(Beginning of Records shown)
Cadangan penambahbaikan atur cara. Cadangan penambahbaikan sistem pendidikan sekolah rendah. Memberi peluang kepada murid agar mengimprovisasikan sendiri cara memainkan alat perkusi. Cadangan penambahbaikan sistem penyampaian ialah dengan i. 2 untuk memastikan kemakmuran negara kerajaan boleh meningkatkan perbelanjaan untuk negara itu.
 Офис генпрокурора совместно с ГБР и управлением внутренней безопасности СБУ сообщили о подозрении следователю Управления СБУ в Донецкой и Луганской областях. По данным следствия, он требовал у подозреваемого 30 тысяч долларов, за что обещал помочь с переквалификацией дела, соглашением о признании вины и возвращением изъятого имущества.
(End of Records shown)
(Beginning of Records shown)
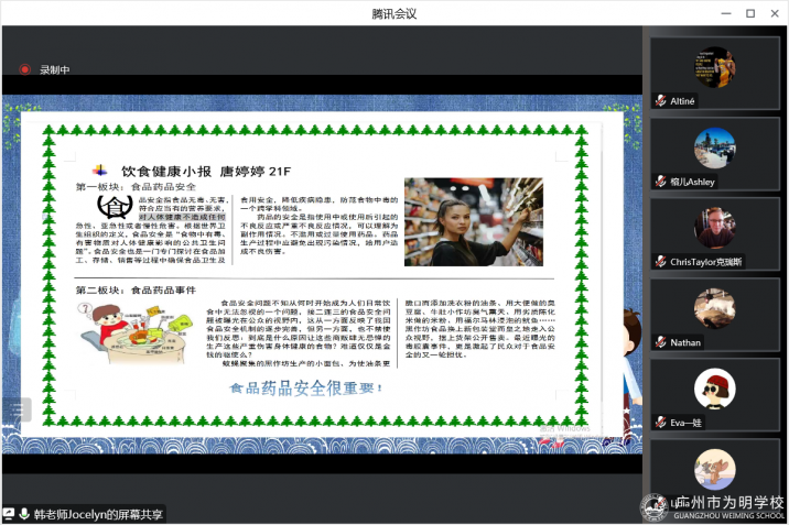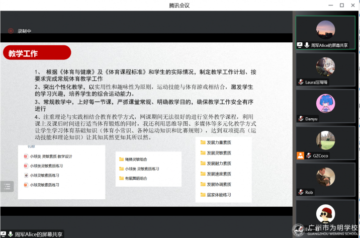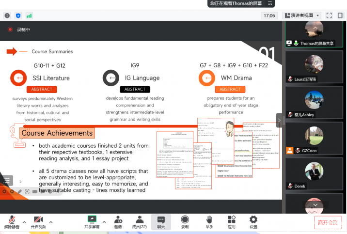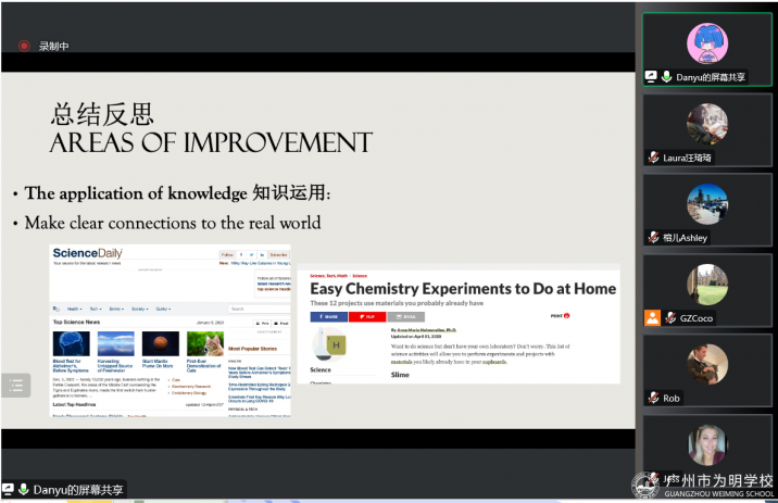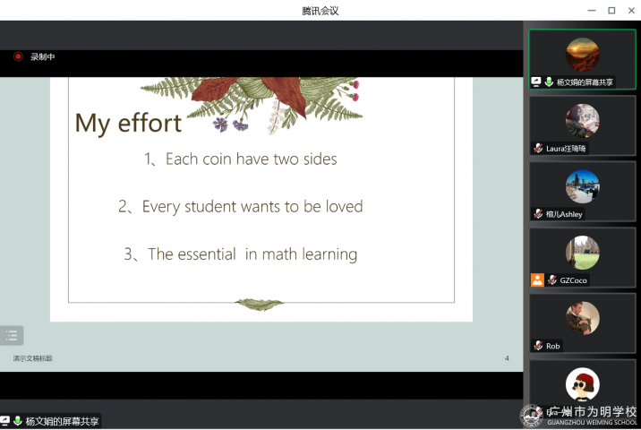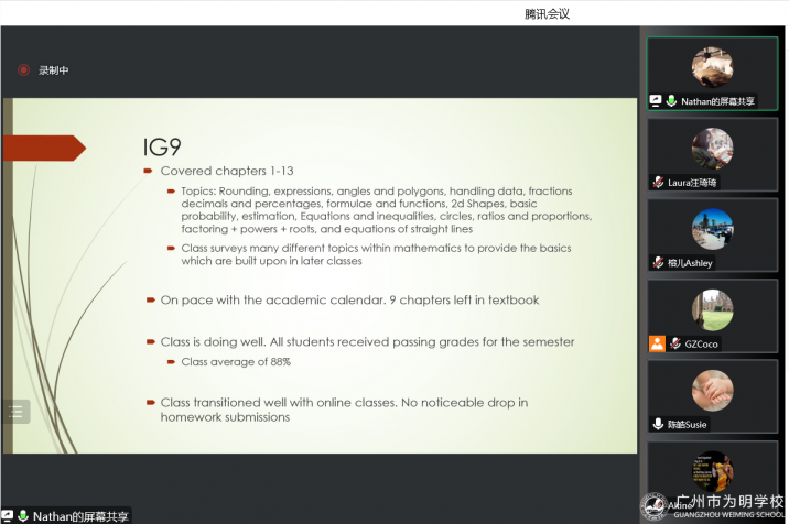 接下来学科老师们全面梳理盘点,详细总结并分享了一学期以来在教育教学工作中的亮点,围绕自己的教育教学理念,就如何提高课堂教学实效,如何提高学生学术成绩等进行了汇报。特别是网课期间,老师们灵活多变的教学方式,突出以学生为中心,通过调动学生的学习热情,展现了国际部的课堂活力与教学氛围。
(End of Records shown)
→ **What you are asked to do**:
Within the listing above, locate the line containing "Cadangan penambahbaikan atur" and the line containing "Офис генпрокурора совместно". Reproduce those two lines and all lines between them exactly, with nothing added.

→ **Response area**:
Cadangan penambahbaikan atur cara. Cadangan penambahbaikan sistem pendidikan sekolah rendah. Memberi peluang kepada murid agar mengimprovisasikan sendiri cara memainkan alat perkusi. Cadangan penambahbaikan sistem penyampaian ialah dengan i. 2 untuk memastikan kemakmuran negara kerajaan boleh meningkatkan perbelanjaan untuk negara itu.
 Офис генпрокурора совместно с ГБР и управлением внутренней безопасности СБУ сообщили о подозрении следователю Управления СБУ в Донецкой и Луганской областях. По данным следствия, он требовал у подозреваемого 30 тысяч долларов, за что обещал помочь с переквалификацией дела, соглашением о признании вины и возвращением изъятого имущества.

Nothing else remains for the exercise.